I strongly believe that our churches need to look more like this familial, Acts of the Apostles church. There are specific things we can do in “official” and private ways: welcoming people at the door (or the parking lot? I hear some people live in suburbs), speaking with people who come to church alone, having food and drink after worship to which we can invite people. These are starting points from which we build deeper bonds. I don’t do that and I need to get over myself. It’s often really hard to come into a church and find a home there; and it’s hardest for the people who need it the most.

The pregnancy center where I volunteer matches clients with churches: If you don’t already have a church home but you want one, you fill out a form where you answer various questions and then somebody calls you and comes to get you and takes you to church. The choice of questions strikes me as a bit “lol Protestants”–out of five questions, one is about dress code and none are about Eucharist? okay–but this is an obvious thing you could do right now, if you’re not doing it already and it makes sense for you: Contact your local pregnancy center, or other place where people in need might go (we’re all in need, yo, there are plenty of options), and ask if they do this and, if so, if you can be a contact-and-carpool person for your church. This, again, is the first step in what could (if both of you want this) become a deeper and more familial relationship. I’m reminded of Ross Douthat’s acute column about the ways in which the churches aren’t failing people in poverty–but, more importantly, the ways they are failing them.

But the thing is, also, I go to the cathedral church. St Matthew’s is a wonderful place, beautiful and life-changing, a haven for many–and, if I can strike a provincial note, specifically a haven for gay people on all points of the spectrum of belief and sacramental participation. I’ve received terrific spiritual direction there and met a tiny but vibrant community of celibate gay Christians. But it is just not possible to know everyone at St Matthew’s. We are not even an extended family. Could you have a family reunion of all the world’s Joneses? We do have food and drink after Mass, but it’s hard to know where to get started at St Matt’s, I think; and when priests try to get us to, like, talk to one another before Mass, it feels really artificial and pointless because there isn’t that real basis of commitment and endurance which would bind the whole parish together beyond Sunday worship.

This isn’t a criticism really. I know we could be more welcoming–and, specifically, we could do more to help people find the smaller ministries in which they really can find friendship and brotherhood. We could especially be doing more on that score for people who don’t fit an obvious identity category like “gay” or “young adult.” It took me a really long time to feel that St Matt’s was my home. But I don’t actually think there’s anything wrong with being a cathedral. St Matt’s is a big church in a famously transient city and that limits the degree to which it can be your family.

Moreover, even if the small familial church were the One Best Way (and I don’t know that it is; it has its own characteristic problems and is hard for a different set of people, often especially including gay people or others who might be subjected to gossip or judgment), lots of people do not go to small familial churches and yet need support in their vocations right now, not in the ideal future.

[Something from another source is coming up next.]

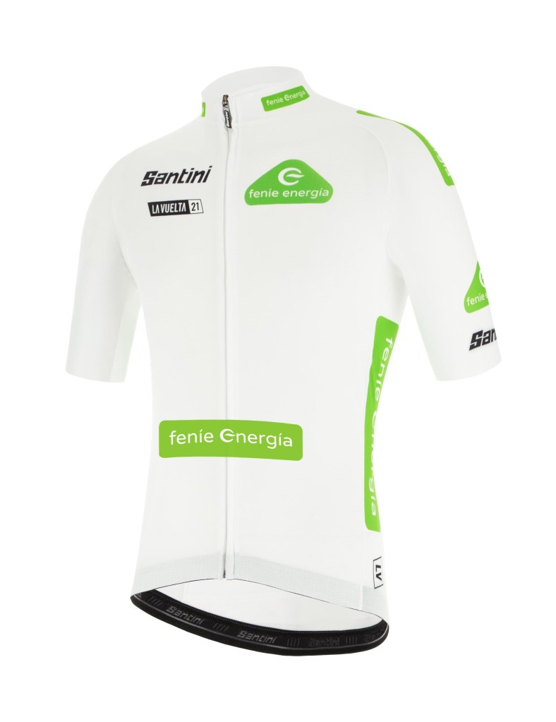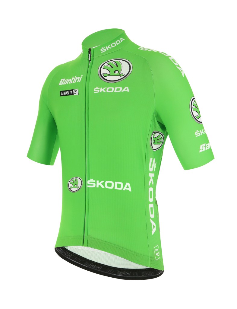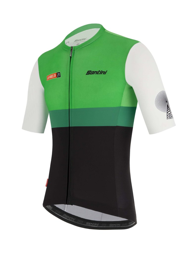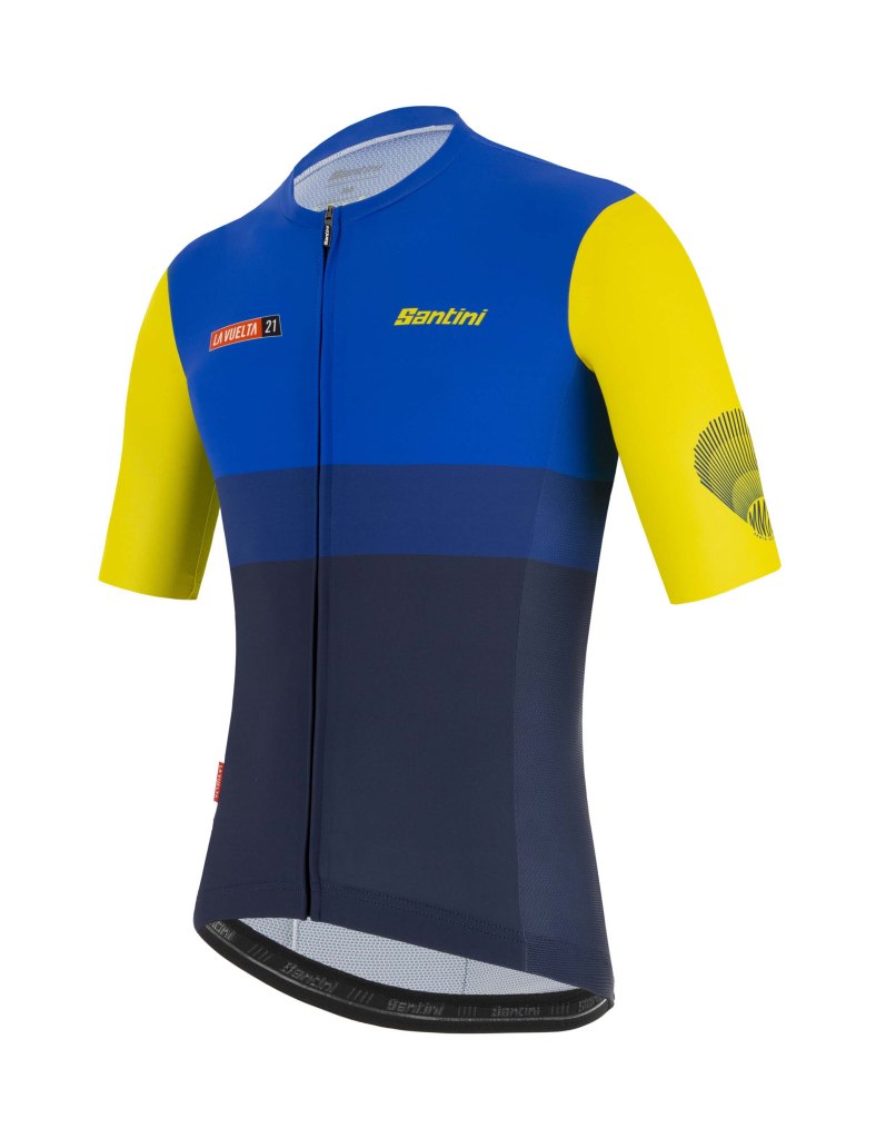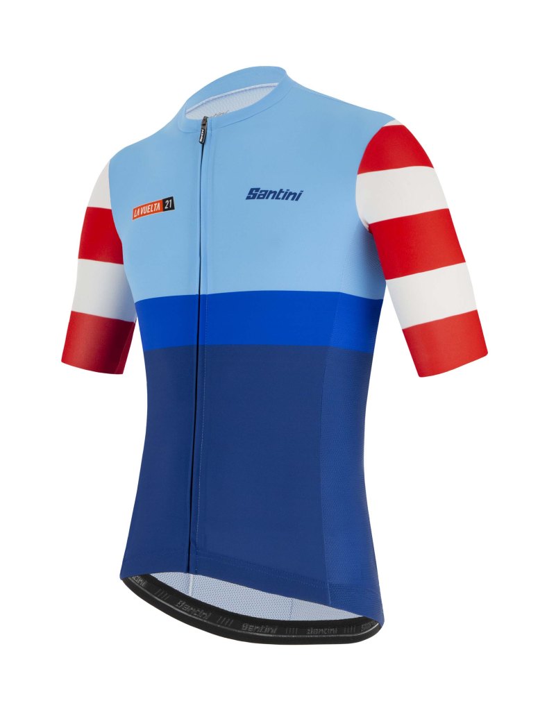 En honor a la jornada final de La Vuelta 21, que desemboca en la histórica ciudad de Santiago de Compostela, Santini ha creado un último kit, con tonos azules y amarillos, y la concha de peregrino, que simboliza el Camino de Santiago y que aparecerá en la parte trasera y en las mangas del maillot. Un guiño al año Xacobeo, que se celebra este año en Galicia y en toda España.

So I’m not too surprised that Bruxy and I used very different frameworks for approaching how we can support overlooked vocations like friendship, service, extended-family care, and celibate partnership. I focused on the vocations themselves: How can we support friendship? How can we support extended-family kinship? etc, rather than, How can we create church communities which are havens for individual unmarried people? I’ve explored my answers to my own question pretty extensively, but I thought it was worth noting that there is this other question also–one which is especially pressing for people who don’t start off with preexisting deep friendships or other vocations–and both questions are important.